Their self-titled EP was issued in January 1980 and had five tracks, "Ambiguous Girl", "Omniscience", "Some People", "State of Mind" and "Crushed and Crazy". Australian musicologist, Ian McFarlane, opined that it, "highlighted Bonacci's crunching guitar riffs offset by Scheri's melodic vocals and lilting flute lines." Soon after Brendan O'Shea replaced Zylstra on bass guitar and John Zaffarese replaced Clark on drums. In October 1981, this lineup issued a single, "Icarus", with Fab Versace replacing Zaffarese on drums before being replaced in turn by Billy George in 1982. The group disbanded in January 1983.

Following the dissolution of Sweet Jayne, Bonacci moved to the United Kingdom to work as a session musician after being invited by Mike Oldfield.
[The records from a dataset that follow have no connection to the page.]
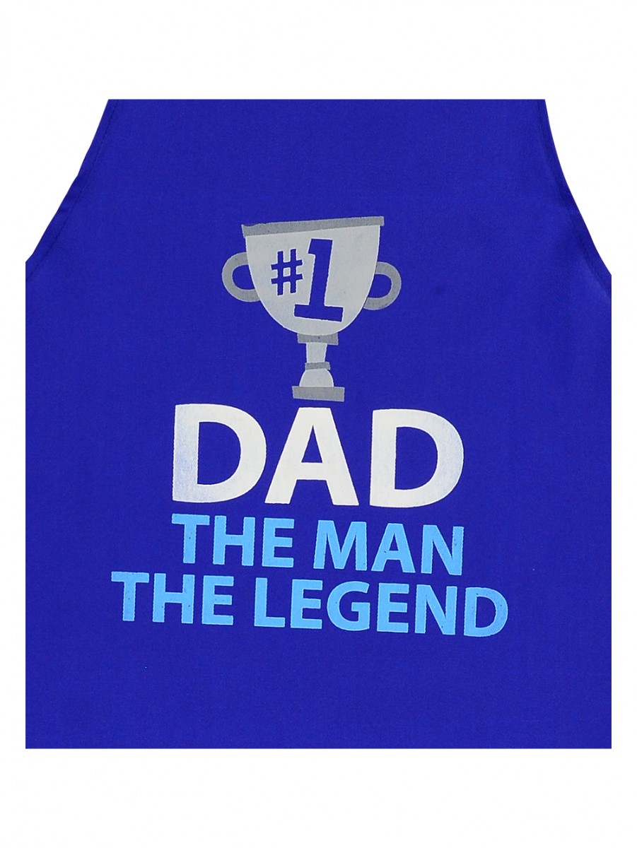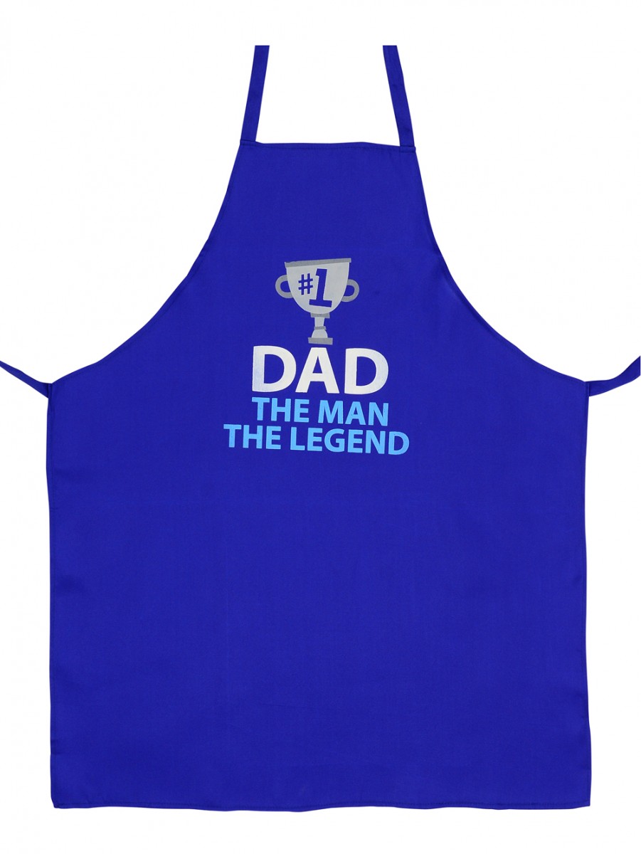 Delight Dad this year with this fun apron! The apron is a lovely blue in colour, with 'Dad. The Man. The Legend' printed on the front. Font is white and soft blue in colour, with a grey trophy with #1 printed - sits just above the message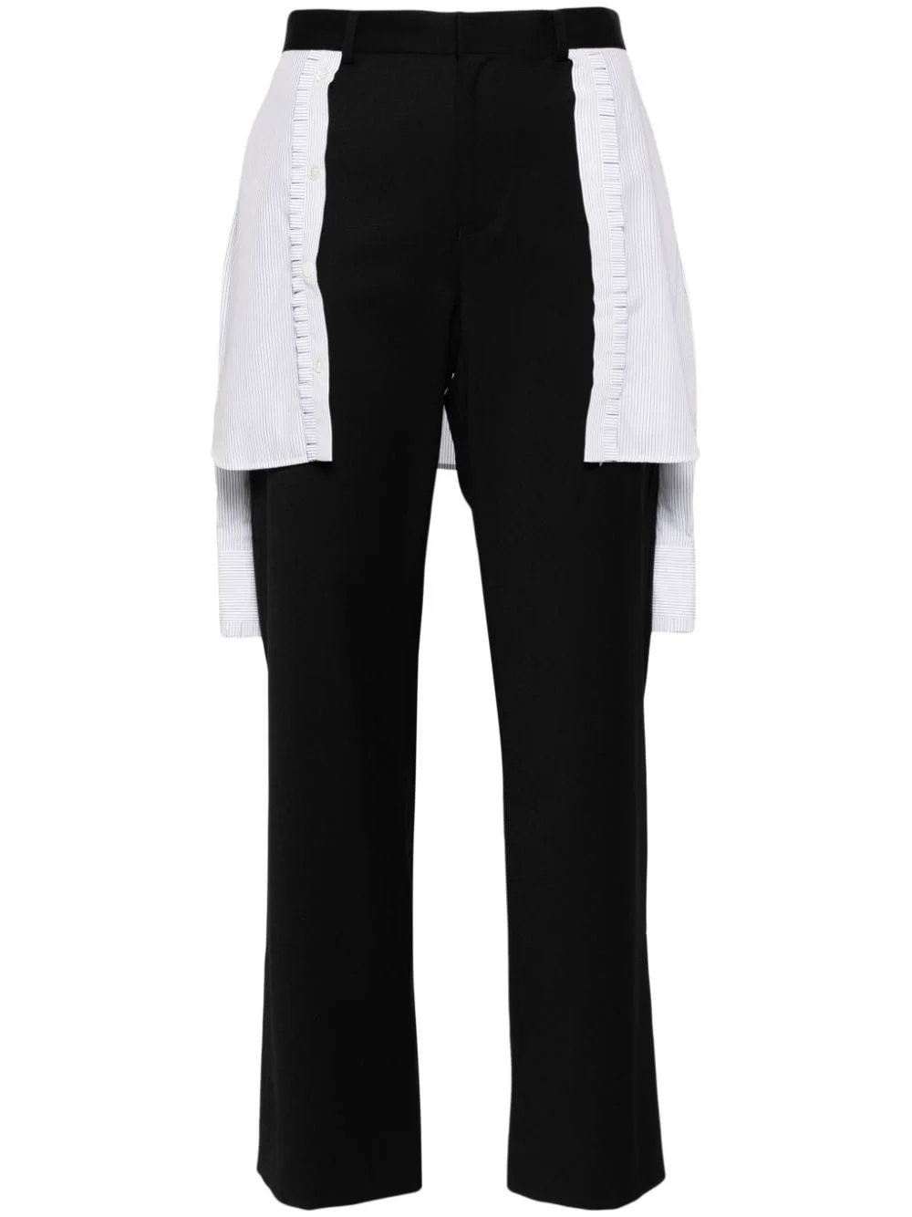 layered wool-blend trousers Highlights - Black - Wool blend - Layered design - Stripe print - Belt loops - Straight leg - Concealed front fastening - Straight hem Imported Composition Polyester 57%, Wool 37%, Polyurethane 6% SIZE & FIT Model measurements Height 5 ft 9 in(1.76 m) Bust/Chest 29.13 in(74 cm) Hips 33.07 in(84 cm) Waist 22.83 in(58 cm) FittingInformation Designed for a straight-leg fit, these trousers allow for a close fit at the waist and an unrestricted, comfortable fit over the leg Cropped in length Made from a midweight non-stretch fabric This piece fits true to size – take your usual size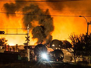 Rail transport of explosive Bakken crude oil through the North Country has increased dramatically due to tremendous growth in outputs from Canada and the Bakken oil fields of North Dakota. Rail incidents in Quebec, Alberta, Alabama, North Dakota, New Brunswick, and Virginia have led to fires and explosions. Last year's derailment at Lac-Mégantic, Quebec killed 47 people and devastated the community. Don’t let the next accident happen in our backyards.

In London, Bonacci joined the all-female hard rock outfit, She, as lead guitarist. She included lead vocalist Jackie "Jacqui" Bodimead and former Rock Goddess bassist Tracey Lamb, whom Bonacci would later team up with in Girlschool. Bonacci and Bodimead were invited to join Girlschool following lead guitarist Kelly Johnson's departure. During her time with Girlschool, Bonacci recorded the albums Running Wild, Nightmare at Maple Cross, Take a Bite and Girlschool, touring extensively all over the world.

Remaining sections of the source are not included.